At Varadero, there is money. Resorts and busloads of European tourists waiting impatiently in lobbies for their bags to be ported to their private beachside cabanas. There are buffets and games of water polo organized in the main pool--a ridiculous sort of comfort level for about $100 a night. (Best yet, the help is obsequious and a 50[cent] tip would do just fine!) After being turned away at the daunting gates of the massive Club Med, we drop our luggage next door and set out to the area's most fiery hot spot, the Cafe Havana, a huge disco/Hard Rock-style fun provider. The place is overflowing with tourists from around the world, come to see how the Cubans entertain.

We sit at a table by the stage, and after some fantastic salsa-dancing action--women wearing little beyond sequins and feathers--there is a magician, ponytailed, with two ponytailed assistants. And this magician's specialty is doves. Everywhere he is making doves appear. From his sleeve, a dove. From a newspaper, a dove. A balloon is popped, and a dove appears and flaps wildly. The crowd loves it. The doves appear, each one flailing its wings for a few seconds of chaos and quasi-freedom. Then the magician, with fluid nonchalance, grabs the dove from the air, two-handed, making from the explosion of feathery white a smooth inanimate sculpture of a bird. Then in one swift motion he shoves the dove into a small cage, with little steel bars, on a stand by his waist. Once inside, the doves sit docilely, staring ahead through the tiny silver bars. Though there is a hole just behind them, they sit, cooing--one dove, then two, three, four, five, six, all in a row. When he is done, the magician is applauded. We all love him. The birds in their cage, content and so pretty. How does he do it? He is fantastic. Then the band comes on, and everyone dances.

The next day we're off, Varadero to Cienfuegos. First passengers, from a roadside crowd of 15 or 20: a mother-and-child duo, the mother skinny and snaggle-toothed, the baby perfect and in pink, 11 months old, little black shoes, shiny; they're headed home. We roll with them past horse-drawn wagons and slow, lanky cows. Egrets skim over the road, perpendicular. Air warm, sky overcast. The car screams.

They get out near Jovellanos, and we never get their names. In Jovellanos, a medium-size adobe town of narrow streets, we get lost, quickly and irrevocably. At a street corner, there appears beside us a man on a bicycle. He knows where to go, he says--just follow him. We rumble behind him and his bike at 15 m.p.h., the streets full of onlookers watching our parade--left turn, right, left, left, right, left, 10 minutes and there we are, back on the main road. He points ahead, toward the on-ramp. Aha.
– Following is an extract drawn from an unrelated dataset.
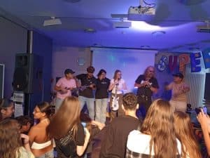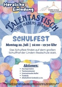Beim großen Schulfest 2023 kam die ganze Linden-Realschule zusammen. Aufgrund des schlechten Wetter, fand das Schulfest im Schulgebäude statt. Eltern, Schüler und Lehrer saßen zusammen, unterhielten sich mal nicht nur über den Schulalltag und ließen sich kulinarisch von der Schulgemeinschaft unter Unterstützung der Elternschaft verwöhnen. Außerdem wurde das Supertalent gesucht und wir hatten einen starken Auftritt des Voice-Seniors-Finalist Wolfang Schorer.

We pull up next to him. He is sweating profusely and grinning. We slip him $5--for many, we're told, that's almost a month's salary--because we are wealthy and glamorous Americans and we appreciate his help. So easy to change the quality, the very direction, of Cubans' lives! It seems possible that, between our ride sharing and tip giving, we can single-handedly redress whatever harm has been done. Oh, if only!

Just outside Jovellanos there's Estelle, chatty, about 35, and her 10-year-old Javier, who jump in at a dusty corner. Estelle sighs and laughs as she gets in and says hello. Had they been waiting long? Yes, yes, she says, they'd been waiting an hour and a half. They're going to a town called Australia, 20 minutes away. "Why is there a town in Cuba called Australia?" we ask. Estelle doesn't know. She turns to Javier. Javier has no idea. She shrugs and smiles.